Studentenleven
Column: Biertje?
woensdag 19 september 2012

Biertje?

‘Dit is de ruimte waar gefeest kan worden. Vanzelfsprekend kun je hier heel veel biertjes drinken. Lopen jullie even mee? Dan gaan we naar de volgende ruimte. Dit is de eetzaal. Bij het eten worden natuurlijk een hoop biertjes genuttigd. heeft iedereen het gezien? Dan gaan we nu door naar de gezelligheidsruimte. Hier kun je met een biertje neerploffen op de bank, en tot slot: hier hebben we de wc’s. Hier kun je je verstoppen op het toilet en stiekem een biertje drinken mocht dat nodig zijn.’

Zo zagen de rondleidingen op de studentenverenigingen er ongeveer uit. Bier was veruit het meest gebruikte woord van de dag. Het drinken begint, zo heb ik mij laten vertellen, ’s ochtends vroeg als iedereen uit de kroeg of van zijn of haar vereniging afkomt en gaat de hele dag door. Rond een uur of elf krijgen meerdere mensen last van een ‘katermomentje’ en wordt er heel even iets anders gedronken, maar al snel wordt het drinken hervat als middel tegen de stekende hoofdpijn.

Studenten schijnen gemiddeld 16 glazen alcohol per week te drinken. Voor mannen is dit gemiddeld 20 glazen per week, en voor vrouwen ligt dit getal rond de 8. Maar als je lid bent van een studentenvereniging ligt het gemiddelde aantal glazen op de 23 (mannen 27 en vrouwen 12). De overheid vindt dat dit buiten proportie is, en daarom is er sinds kort een verplichte cursus (de zogeheten IVA-cursus) voor alle leden van een studentenvereniging die achter de bar willen staan. Barleden zijn van nu af aan verplicht om met de grenzen van hun leden rekening te houden. Deze cursus is gratis, dat dan weer wel.

In vroeger tijden vond men het juist erg fijn wanneer studenten veel bier dronken. Ik citeer bierbrouwer Harm Heggers: ‘In 1575 werd in Leiden een universiteit gesticht, met als belangrijke achterliggende gedachte dat de enorme drankinname van studenten goed zou zijn voor de inkomsten van de stad. Toen heeft de stad, heel berekenend, want Hollanders blijven natuurlijk kooplui, besloten veel geld te investeren in het oprichten van de universiteit, om vervolgens via de bierverkoop dat geld weer terug te halen.’

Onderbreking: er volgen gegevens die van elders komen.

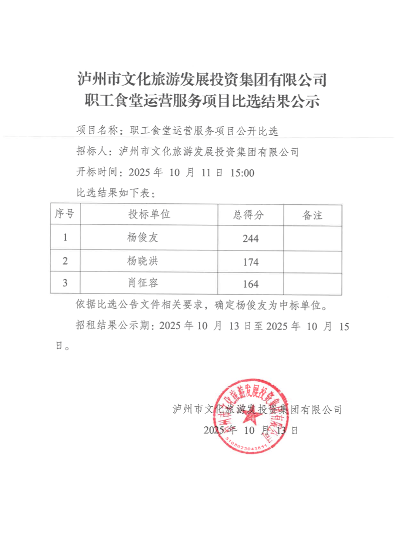 瀘州市文化旅游發(fā)展投資集團(tuán)有限公司職工食堂運(yùn)營服務(wù)項(xiàng)目比選結(jié)果公示 作者: 來源: 日期:2025-10-13 瀏覽次數(shù): 次 【字體:小 大】 【打印正文】

Maar tijden veranderen, en tegenwoordig wordt het drinkgedrag van studenten niet meer zo op prijs gesteld. Toch wil ik de studentenverenigingen en de stad Leiden een hart onder de riem steken. Ze hoeven absoluut niet te vrezen voor hun omzet. We moeten namelijk niet vergeten dat de eerste generatie comadrinkers de komende jaren gaat studeren. Blijft alleen de vraag over of zij nog genoeg hersencellen hebben om hun studiepunten te kunnen halen.

Maaike Lommerse (1994) is eerstejaars studente bestuurskunde. Ze schrijft dit jaar om de week een column over haar ervaringen.